- MATERIAL PROVIDED

***

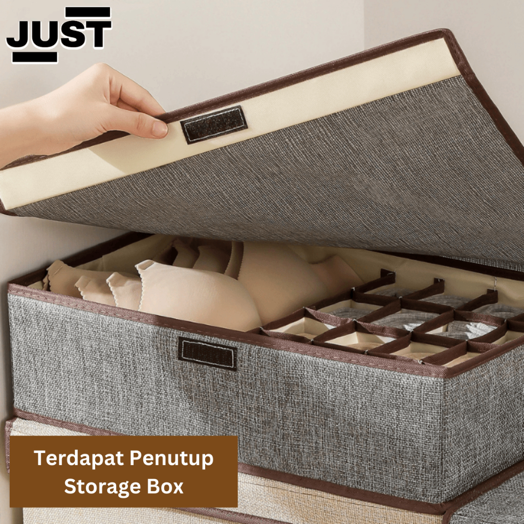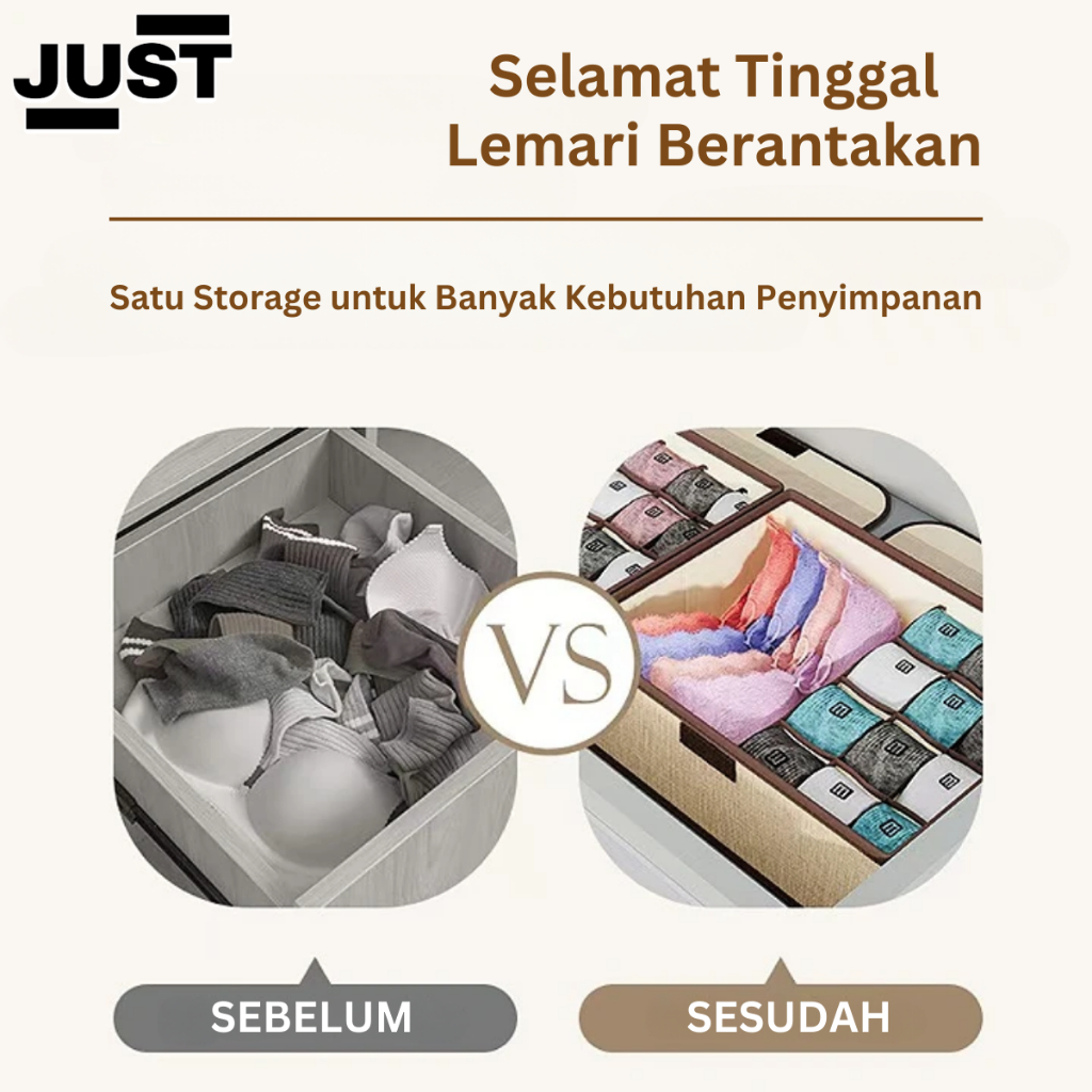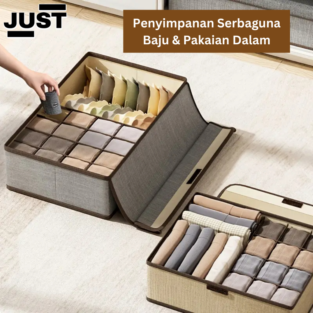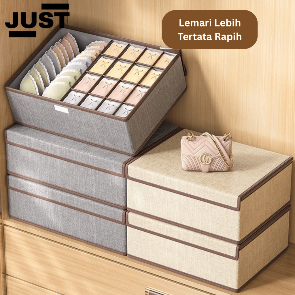 JUST Storage Box Organizer Kotak Sekat Tempat Penyimpanan Celana Dalam Bra dan Kaos Kaki Laci Lemari Pakaian Serbaguna T
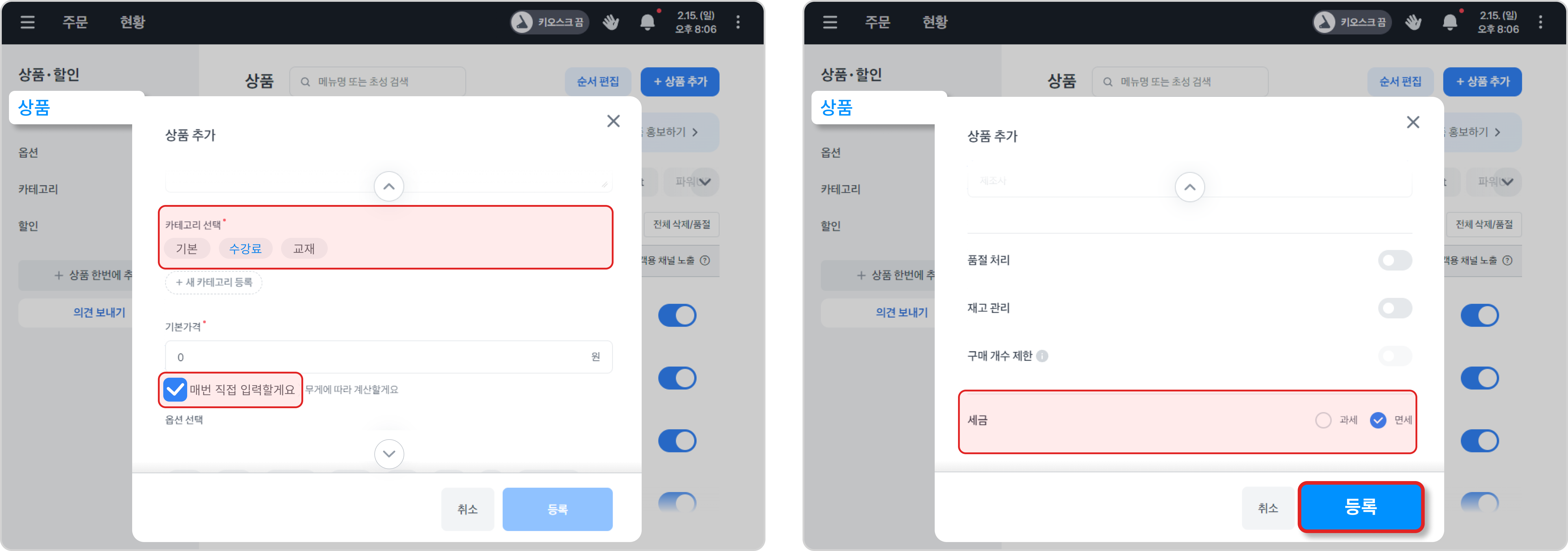 매번 직접 입력할게요를 선택해 주세요.최하단 [과세 / 면세] 여부 체크 후 [등록]을 눌러주세요.
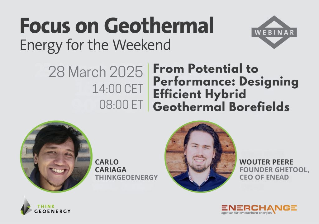 Como parte de la serie regular de seminarios web “Focus on Geothermal”, una colaboración entre Enerchange y ThinkGeoEnergy, nos complace presentar a Wouter Peere, de Enead y GHETool, en un seminario web sobre “Del Potencial al Rendimiento: Diseño de Campos de Perforación Geotérmica Híbridos Eficientes”.

***

- YOUR TASK
Write out the listing above exactly, images omitted.

- TASK SOLUTION
 JUST Storage Box Organizer Kotak Sekat Tempat Penyimpanan Celana Dalam Bra dan Kaos Kaki Laci Lemari Pakaian Serbaguna T
 매번 직접 입력할게요를 선택해 주세요.최하단 [과세 / 면세] 여부 체크 후 [등록]을 눌러주세요.
 Como parte de la serie regular de seminarios web “Focus on Geothermal”, una colaboración entre Enerchange y ThinkGeoEnergy, nos complace presentar a Wouter Peere, de Enead y GHETool, en un seminario web sobre “Del Potencial al Rendimiento: Diseño de Campos de Perforación Geotérmica Híbridos Eficientes”.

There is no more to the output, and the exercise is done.